Stuart B. Kincaid, MD, FACS
San Diego Plastic Surgeon
4.5 out of 5 stars 7 reviews

Breast Enhancement

+1
Yes I think it is reasonable as these procedures should be done wellwithin 6 hours and none have a significant bleeding risk so I think the benefits outweigh the risks

Ryan Neinstein, MD, FRCSC
New York Plastic Surgeon
5.0 out of 5 stars 35 reviews

Multiple Plastic Surgery Procedures Performed at Same Time

+1

Receiving multiple plastic surgery procedures at one time undoubtedly increases the risk of surgical complications. However, plastic surgeons commonly perform multiple procedures at once as long as the patient is in good overall health and depending on the extent of the procedures pursued. If you were 100% healthy, I’d be concerned about a very intense recovery. However, because of your anemia, I would be very hesitant to recommend surgery of this extent or even any surgery at all until your HGB is back to normal. I would advise discussing your prospective procedures with your hematologist or general physician as well as discussing your anemia with your plastic surgeon to determine if this is a safe option right now or if it should be postponed.

David Whiteman, MD
Atlanta Plastic Surgeon
3.5 out of 5 stars 14 reviews

Multiple Procedures At The Same Time

+1

Hi,

 

Your anemia is a red flag that if not solved you may not be able to undergo surgery.
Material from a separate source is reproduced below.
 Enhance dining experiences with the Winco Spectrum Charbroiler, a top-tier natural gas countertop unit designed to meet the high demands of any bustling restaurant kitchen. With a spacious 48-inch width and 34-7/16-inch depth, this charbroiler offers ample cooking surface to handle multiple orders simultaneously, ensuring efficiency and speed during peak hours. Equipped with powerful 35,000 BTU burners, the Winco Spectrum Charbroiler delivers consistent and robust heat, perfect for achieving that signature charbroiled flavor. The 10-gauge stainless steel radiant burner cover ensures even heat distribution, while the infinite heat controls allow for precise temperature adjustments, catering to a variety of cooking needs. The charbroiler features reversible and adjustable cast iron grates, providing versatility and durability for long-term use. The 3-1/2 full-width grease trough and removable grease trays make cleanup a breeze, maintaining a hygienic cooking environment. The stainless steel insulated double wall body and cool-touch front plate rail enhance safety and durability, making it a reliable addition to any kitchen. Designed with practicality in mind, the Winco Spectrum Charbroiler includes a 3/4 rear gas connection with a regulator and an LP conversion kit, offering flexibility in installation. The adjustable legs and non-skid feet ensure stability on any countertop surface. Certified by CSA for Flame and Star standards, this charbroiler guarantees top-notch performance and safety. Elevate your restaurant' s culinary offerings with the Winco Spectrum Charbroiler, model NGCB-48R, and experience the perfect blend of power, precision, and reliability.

Given the fact that you have your anemia eliminated before the surgery, I believe that you should be fine undergoing the surgeries you have described as far as they are performed within a reasonable amount of time.

The longer the surgeries take, the higher the risk complications will get.
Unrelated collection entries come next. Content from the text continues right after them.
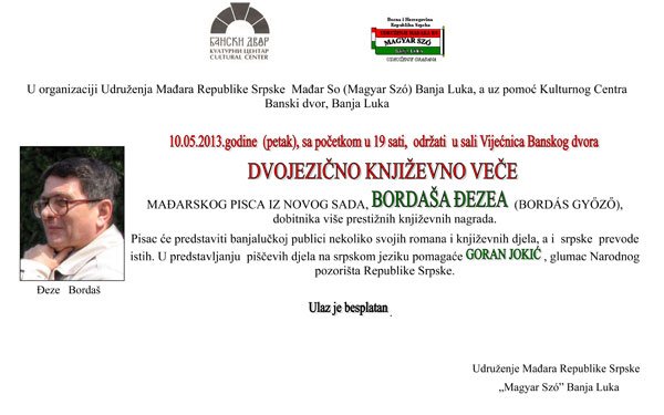 У Вијећници Банског двора 10. маја 2013. године (петак) у 19,00 часова одржаће се књижевно вече са Бордашом Ђезеом у сарадњи са Удружењем Мађара Републике Српске.
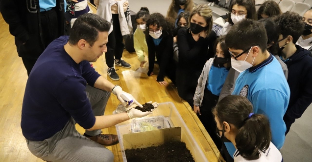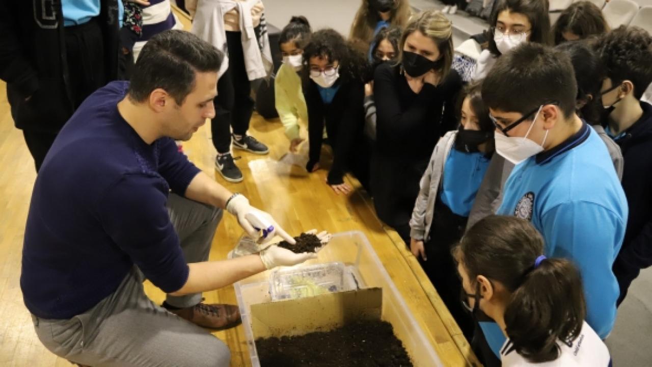 Etkinlik solucan gübresi sunumu ile devam etti. Kartal Belediyesi Çevre Koruma ve Kontrol Müdürlüğü tarafından yapılan sunumda öğrencilere ‘Kırmızı California Solucanı’ ve gübresi tanıtıldı. Solucan gübresinin nasıl elde edileceği ve kullanım alanları anlatılarak, sunumda kullanılan solucanlar okula hediye edildi.
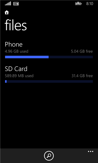 Správce souborů najdete na Windows Storu jako aplikaci „Files“ a může si ji zdarma stáhnout kdokoliv se smartphonem běžícím na nejnovějších Windows Phone 8.1. Funkce jsou přesně takové, jaké byste čekali – můžete veškeré soubory na vnitřní paměti a paměťové kartě spravovat (prohlížet, hledat, spouštět), organizovat do složek a kopírovat/přesouvat/přejmenovávat/mazat soubory.
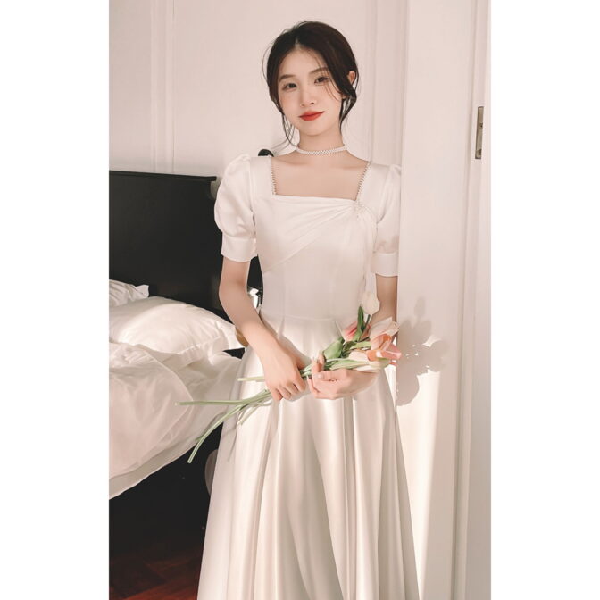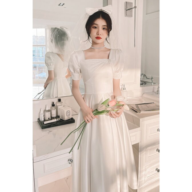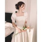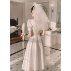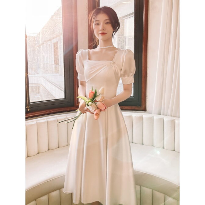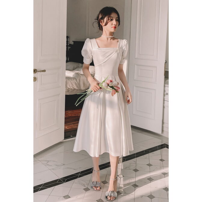 ホワイトの純白にパフスリーブが大人かわいい印象を与える、ミディアム丈のドレスです。結婚式やパーティーなどの特別な日にぴったりな一着です。

I recommend that you work on solving the anemia problem and get tested before you undergo your surgeries to make sure that you are at a safe place.

Pushing your limits and taking chances will do you more harm than good.

 

I hope this helps.

Thank you for your inquiry and the best of wishes.

Dr. Sajjadian

Ali Sajjadian, MD, FACS
Orange County Plastic Surgeon
5.0 out of 5 stars 108 reviews

These answers are for educational purposes and should not be relied upon as a substitute for medical advice you may receive from your physician. If you have a medical emergency, please call 911. These answers do not constitute or initiate a patient/doctor relationship.